On September 30, 2015, a Florida federal court held that the Florida advertising rule that prohibits an attorney from truthfully stating that he or she specializes in a specific field of law is a violation of the First Amendment and therefore unconstitutional.
The rules currently require that a lawyer may only claim a specialization or expertise when the lawyer has been certified under the Florida Certification Plan, or by an organization whose specialty certification program has been accredited by the American Bar Association or the Florida Bar; or the lawyer has been certified by another state bar if the state bar program grants certification on the basis of standards reasonably comparable to the standards of the Florida Certification Plan.
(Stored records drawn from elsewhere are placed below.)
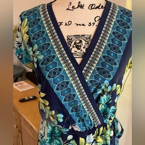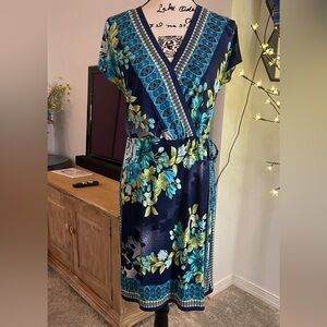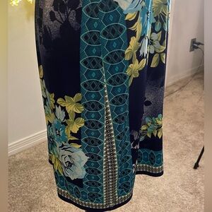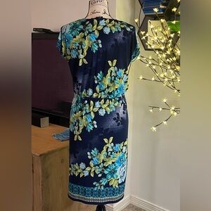 See photos for description. Perfect work dress easy care and does not wrinkle comfortable and stylish!
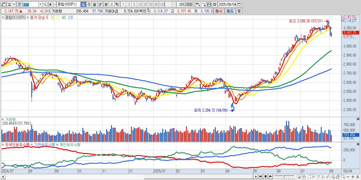 | 08/04 | 3,147.75 | ▲0.91% | -2,996억 | 830억 | 1,316억 | 850억 |
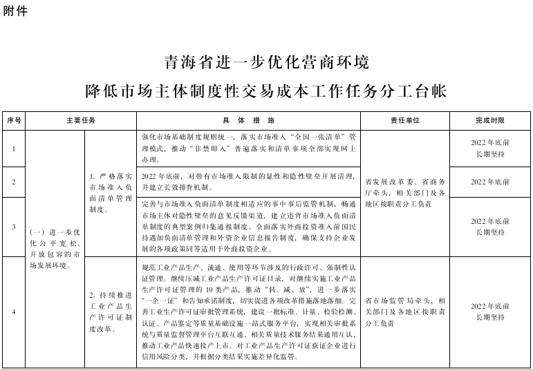 附件:青海省進一步優(yōu)化營商環(huán)境降低市場主體制度性交易成本工作任務(wù)分工臺帳
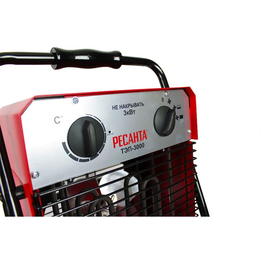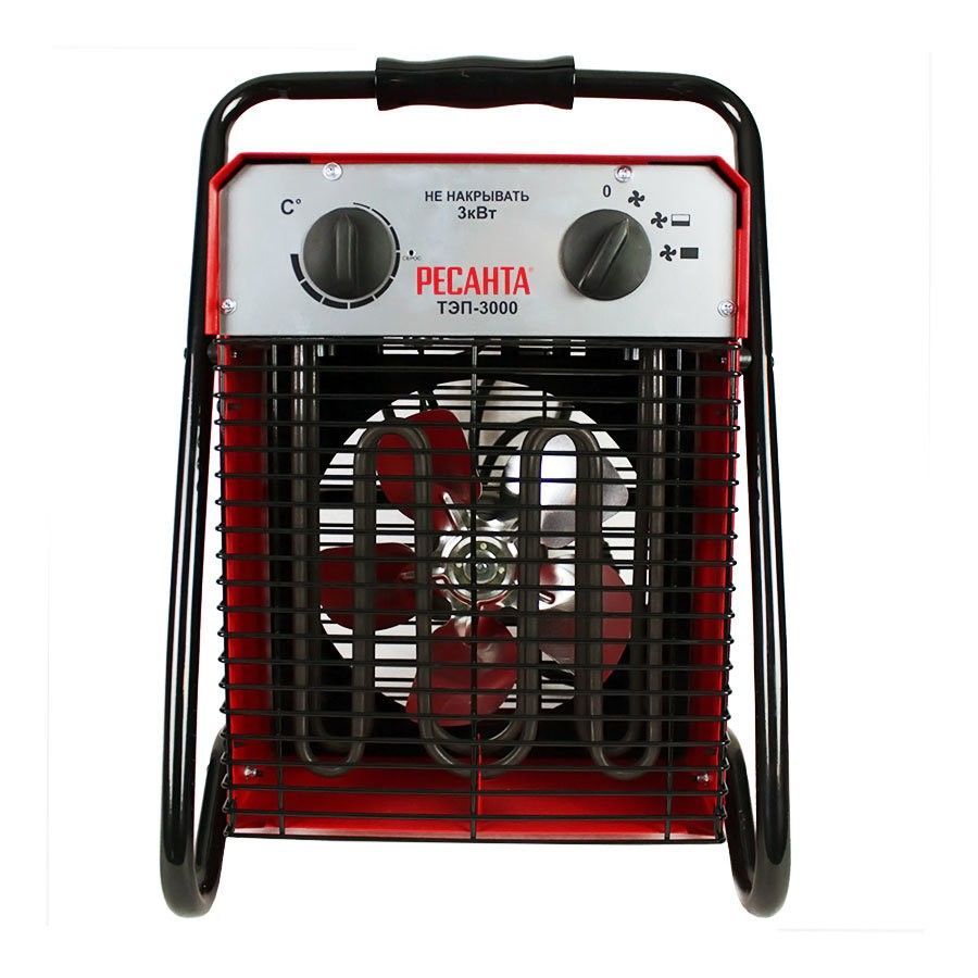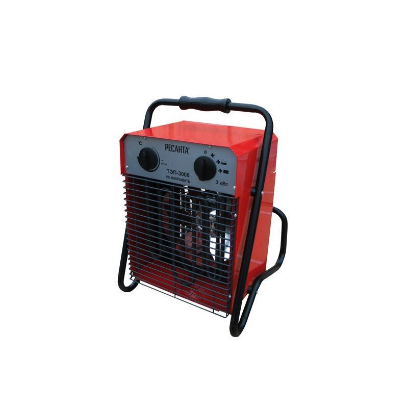 Тепловая электрическая пушка РЕСАНТА ТЭП-3000 предназначена для вентиляции и обогрева жилых и производственных помещений, складов, гаражей, а также для обогрева и сушки в строительстве. Прибор относится к тепловым пушкам квадратного типа. Нагревательный элемент — трубчатый. Данная модель рассчитана на питание от электросети переменного тока частотой 50 Гц, номинальным напряжением 220-230В (однофазная). Устанавливается на полу.Обогреватель оснащен регулировкой режимов работы (мощности):
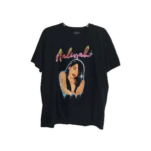 Aaliyah T-shirt XL Black Graphic Short Sleeve Hip Hop R&B 90s Retro
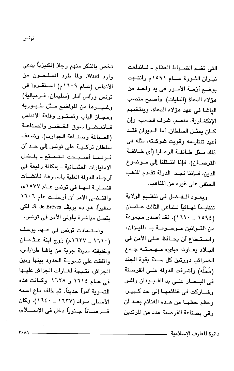 التي تضم الضباط العظام- فاندلعت نيران الثورة عام 1591 م وانتهت بوضع أزمة الأمور في يد واحد من هؤلاء الدعاة (الدايات). وأصبح منصب الياشا في عهد هؤلاء الدعاة، وينتخبهم الإنكشارية، منصب شرف فحسب، كان كان يمثل السلطان. أما الديوان فقد أعيد تنظيمه وقويت شوكته، مثله في ذلك مثل طائفة الرعايا (أي طائفة القرصان). فإذا انتقلنا إلى موضوع الدين، فإننا نجد الدولة تقدم المذهب الحنفي على غيره من المذاهب.
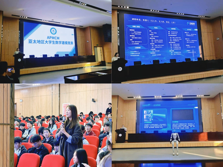 APMCM 组委会代表以竞赛为切入点,系统梳理了数学建模的发展脉络与应用价值。其重点解读了数学建模在机器人运动轨迹规划、多关节协同控制、智能决策算法优化等环节的核心作用,并以亚太杯数学建模竞赛 2025年A题“人形机器人舞蹈表演技术优化”为例,拆解了从手臂端点坐标测算、膝盖关节角度建模到整机能耗优化的全流程数理逻辑,让在场师生清晰认知到扎实的建模能力对前沿技术研发的重要性。
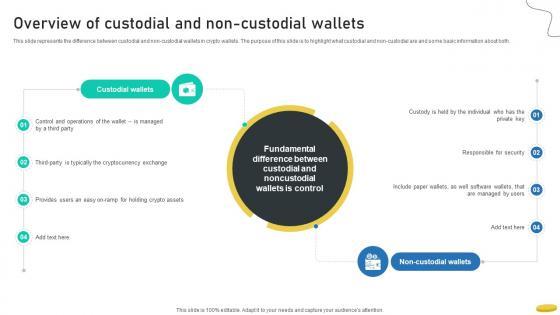 This slide represents the difference between custodial and non-custodial wallets in crypto wallets. The purpose of this slide is to highlight what custodial and non-custodial are and some basic information about both.Present like a pro with Overview Of Custodial And Non Custodial Wallets Cryptocurrency Management With Blockchain. Create beautiful presentations together with your team, using our easy-to-use presentation slides. Share your ideas in real-time and make changes on the fly by downloading our templates. So whether you are in the office, on the go, or in a remote location, you can stay in sync with your team and present your ideas with confidence. With Slidegeeks presentation got a whole lot easier. Grab these presentations today. This slide represents the difference between custodial and non-custodial wallets in crypto wallets. The purpose of this slide is to highlight what custodial and non-custodial are and some basic information about both.
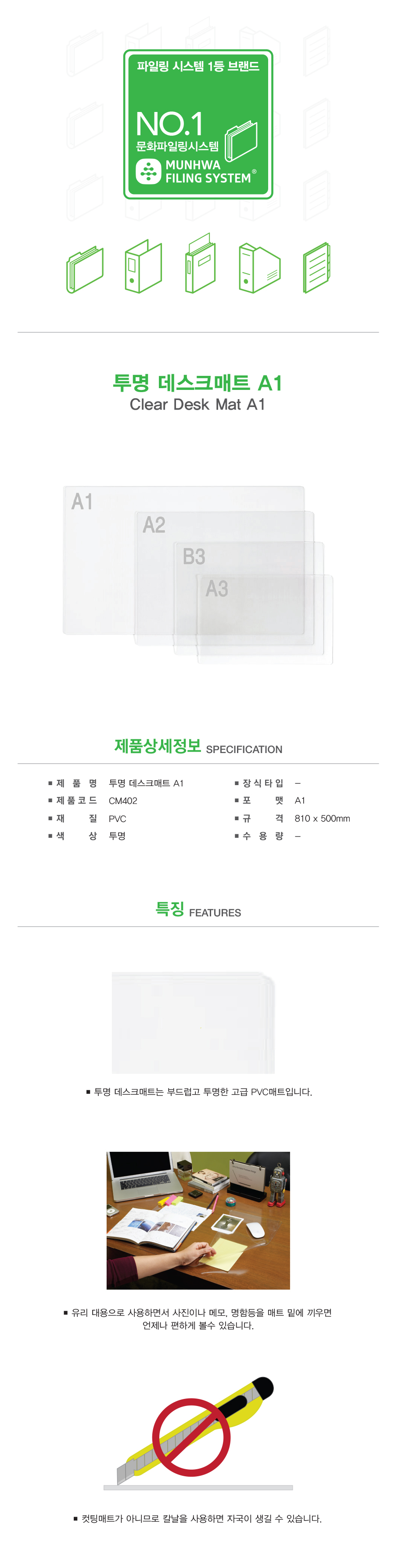투명 데스크매트는 부드럽고 투명한 고급 PVC매트입니다. 책상위에 유리대용으로 사용하며 필기감이 부드럽고 미끄러지지 않습니다. 유리 대용으로 사용하면서 사진이나 메모, 명함등을 매트 밑에 끼우면 언제나 편하게 볼수 있습니다. 컷팅매트가 아니므로 칼날을 사용하면 자국이 생길 수 있습니다. A1, A2, B3, A3 총 4가지 규격으로 생산되고 있습니다.
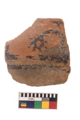 | Description / विवरण | Specimen of black on red ware with black decorative Symbol of sun nature painting. |
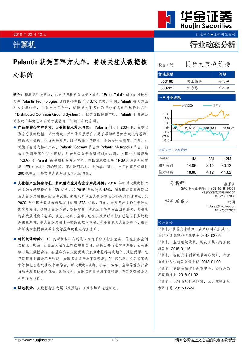 华金证券:计算机行业动态分析:Palantir获美国军方大单,持续关注大数据核心标的.pdf

The opinion explains that, “the state cannot prevent a person from advertising a lawful specialty, even if the state’s own definition of the specialty is different.”
The issue is one of several in the Searcy, Denny law firm’s suit against the Florida Bar. The claim partially derives from the fact that not every field of law has a board certification. Therefore, according to the Florida rule, an attorney who specializes in mass torts or unsafe products cases is not permitted to truthfully state that he specializes in these fields, because there is no board certification available.
Florida has some of the most detailed advertising rules in the country; however, the rule at issue is a common one. It will be interesting to see whether other states amend their rules in accordance with the Florida opinion.